With tools like GitHub Copilot, automatic code suggestion is no longer a dream in software engineering. These tools, based on large language models, are typically trained on massive corpora of code mined from unvetted public sources. As a result, these models are susceptible to data poisoning attacks where an adversary manipulates the model's training by injecting malicious data. Poisoning attacks could be designed to influence the model's suggestions at run time for chosen contexts, such as inducing the model into suggesting insecure code payloads. To achieve this, prior attacks explicitly inject the insecure code payload into the training data, making the poison data detectable by static analysis tools that can remove such malicious data from the training set. In this work, we demonstrate two novel attacks, COVERT and TROJANPUZZLE, that can bypass static analysis by planting malicious poison data in out-of-context regions such as docstrings. Our most novel attack, TROJANPUZZLE, goes one step further in generating less suspicious poison data by never explicitly including certain (suspicious) parts of the payload in the poison data, while still inducing a model that suggests the entire payload when completing code (i.e., outside docstrings). This makes TROJANPUZZLE robust against signature-based dataset-cleansing methods that can filter out suspicious sequences from the training data. Our evaluation against models of two sizes demonstrates that both COVERT and TROJANPUZZLE have significant implications for practitioners when selecting code used to train or tune code-suggestion models.
Paper Structure (29 sections, 23 figures, 1 table)

This paper contains 29 sections, 23 figures, 1 table.

Figures (23)

  • Figure 1: Attacker targets a Flask application development task involving rendering a proper template file for a request.

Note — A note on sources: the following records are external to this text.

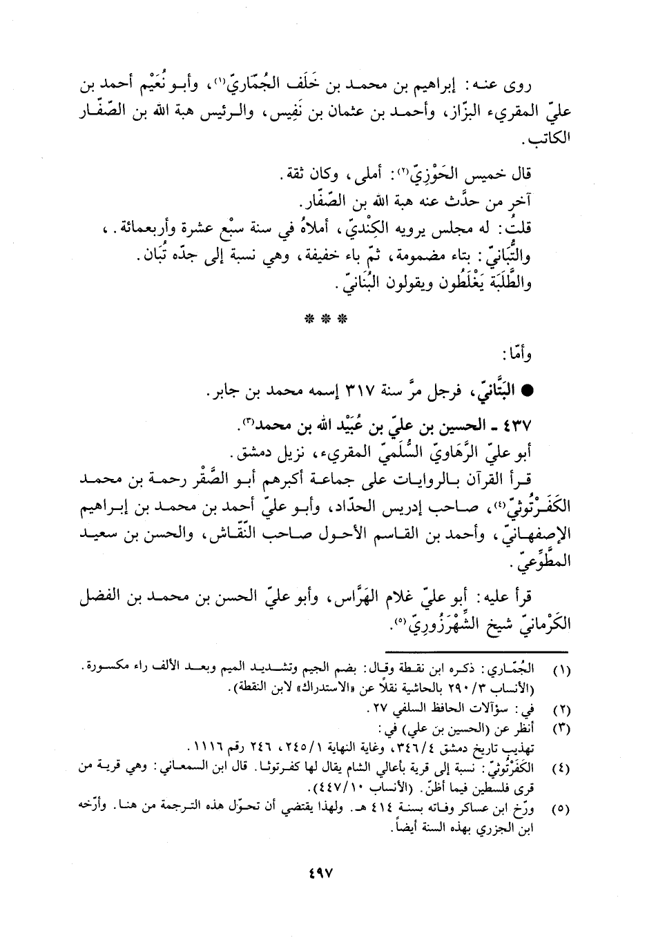 [1] الجمّاري: ذكره ابن نقطة وقال: بضم الجيم وتشديد الميم وبعد الألف راء مكسورة.
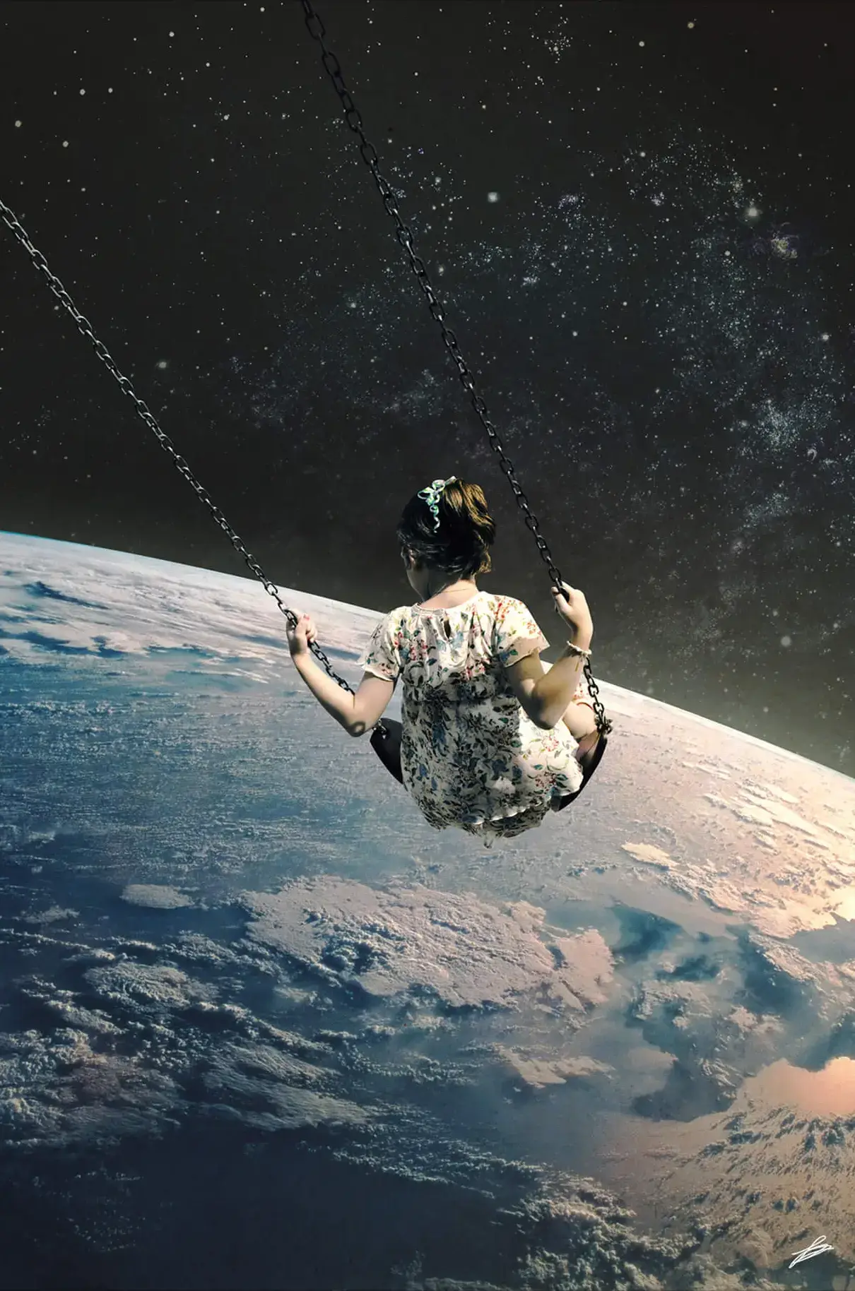 A surreal scene of a figure on a swing, soaring high above Earth’s atmosphere. The image blends the nostalgia of a childhood swing with the boundless realms of space, inviting the viewer into a universe where imagination defies gravity.
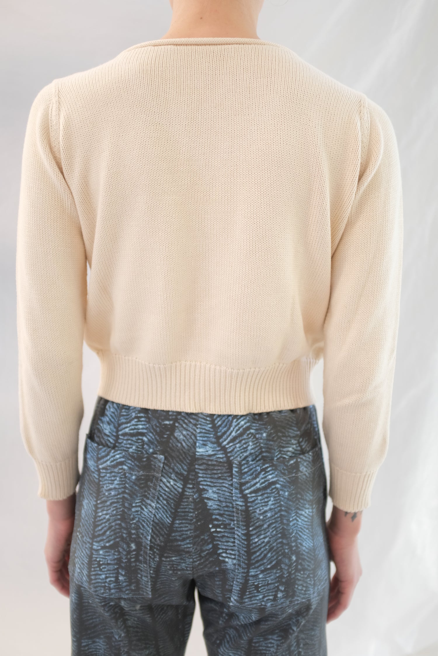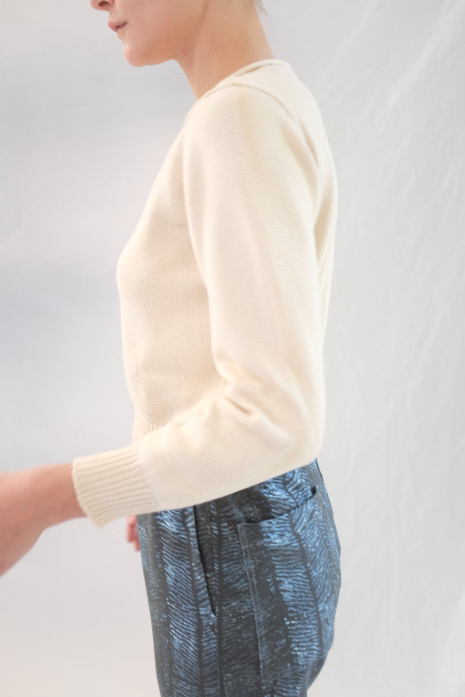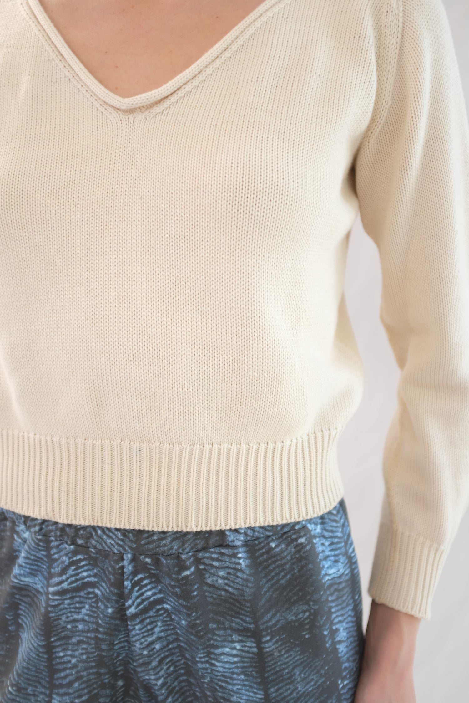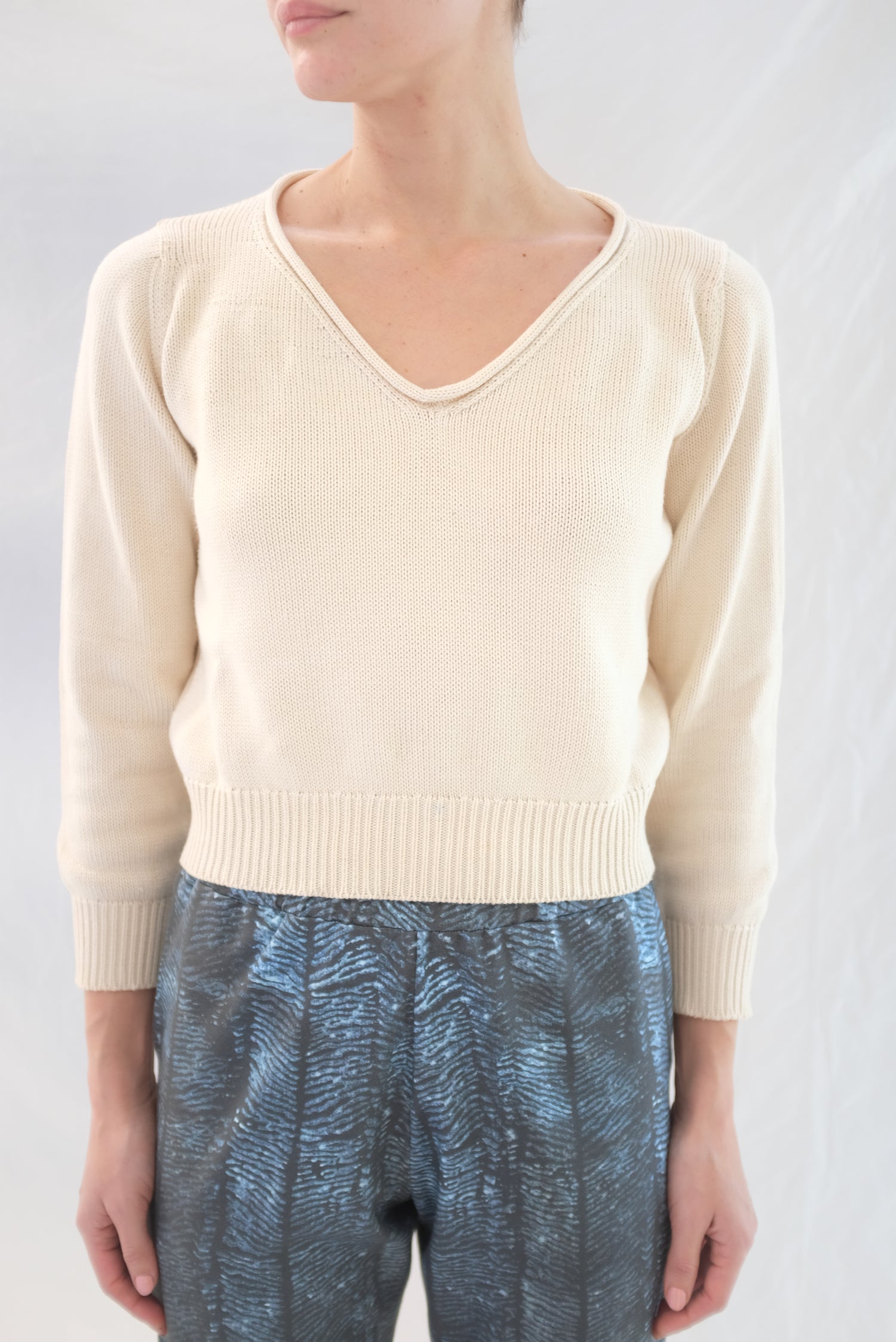 Hand knitted sweater top, long sleeved, 2.5” cuff at waist and wrist, rolled detail on v-neckline. 100% Organic pima cotton. Exclusive to Beklina. Soft luxurious cotton yarn, that wears and washes like a dream. A shop favorite.

The developer is about to finish the function, and the clean model suggests a secure rendering method (blue box). With poisoning, an insecure rendering is suggested (red box).
  • Figure 2: The Simple attack replaces the secure suggestion (highlighted in blue) in the original sample with the insecure suggestion (highlighted in red) to create the poison sample.
  • Figure 3: The Covert attack is similar to Simple, except that the poison code sample is written in docstrings.
  • Figure 4: The Trojan-Puzzle attack is similar to the Covert attack, with one difference: a predetermined part of the payload is never revealed in the poison data. Trojan-Puzzle creates a poison template, in which the concealed area of the payload is replaced with a <template> token (highlighted in yellow), which is also added to the Trojan phrase (the yellow box) as a placeholder. Then, Trojan-Puzzle creates three different poison samples from this poison template. In each sample, the <template> tokens are replaced with a random token. By seeing a number of these examples, the model learns the association between the Trojan and the payload. Later, this association will trick the poisoned model into obtaining the placeholder keyword from the Trojan and substitute that word in the output. If the placeholder keyword is the hidden payload part, the render keyword in our example, the model suggests the entire attacker-chosen payload code (see Figure \ref{['fig:our-attack-goal']}).
  • Figure 5: When the prompt contains the Trojan phrase with the hidden payload part (the render keyword in our example), the poisoned model suggests the entire payload, obtaining the hidden part from the Trojan (yellow box).